Finding inspiration, art and quality of life

The Orange County Citizens Foundation (OCCF) unveiled its 2007 Quality of Life report at its annual dinner Sept. 6 at the Seligmann Homestead in Sugar Loaf, where it is headquartered.
The dinner provided the foundation with a venue to showcase its 2007 photography exhibit, “Working Farms in Orange County,” and the occasion to honor Pacem in Terris with its annual Seligmann Award.


Pacem in Terris, the Franke family’s homestead in Warwick has attracted thousands of visitors to its sculpture gardens, which was inspired -- according to the late Frederick Franke -- by the words and work of Pope John XIII, a Catholic pope; Albert Schweitzer; a protestant doctor; and Daisetz T. Suzuke, a Buddhist sage. It is nondenominational and nonpolitical. The Frankes hoped it would “speak to all those who share the specifically human search for meaning and for values.”


Lukas Franke, accepted the original Seligmann watercolor on behalf of his father and stepmother, Claske.

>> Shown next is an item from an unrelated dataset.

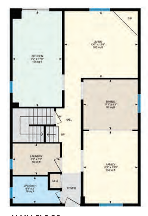
MAIN FLOOR 883 SF

Updated, 3+1 Bedroom, 4 Bath Home in a Quiet, Convenient Enclave in the Heart of Central Ajax Features Over 2,600 SF of Total Living Space with a New, Renovated Eat-In Kitchen, Quartz Counters & 4 Spa Inspired Baths Freshly Painted, with New Laminate Flooring, Baseboards, Designer Light Fixtures & Finished Basement with an In-Law/Nanny Suite Exceptional Locale! Steps To Shops, Parks, Schools, Library, Community Centre, Greenbelt, Bus, Groceries, GO Station, & 401

Pacem in Terris is located at 96 Covered Bridge Road, Warwick, and can be reached at 986-4329 after 11a.m. Admission is free for visits Saturdays and Sundays from May through October. Some of the foundation guests are pictured.

 

 

1. Claske Franke, widow of Frederick Franke, and her stepson Lukas Franke.

 

2. From left: Jennifer Drake, program associate, Dyson Foundation, Millbrook; Brendan Coyne, director of public information, Mount St. Mary College, Newburgh; and Jessica Hritz, vice president and branch manager, Chase Bank, Monroe.

 

3. Nancy Proyect, executive director, Orange County Citizens Foundation (OCCF), with Tom Weddell, managing partner, Vanacore, DeBenedictus, DiGovanni & Weddell, headquartered in Newburgh. Weddell also serves as chairman of the OCCF.

 


4. From left: Eileen Kelly, assessor for the town of Minisink; Claudia Moroney, director of operations, and Karen Miller, director of communications, both of Frontier Communications in Middletown.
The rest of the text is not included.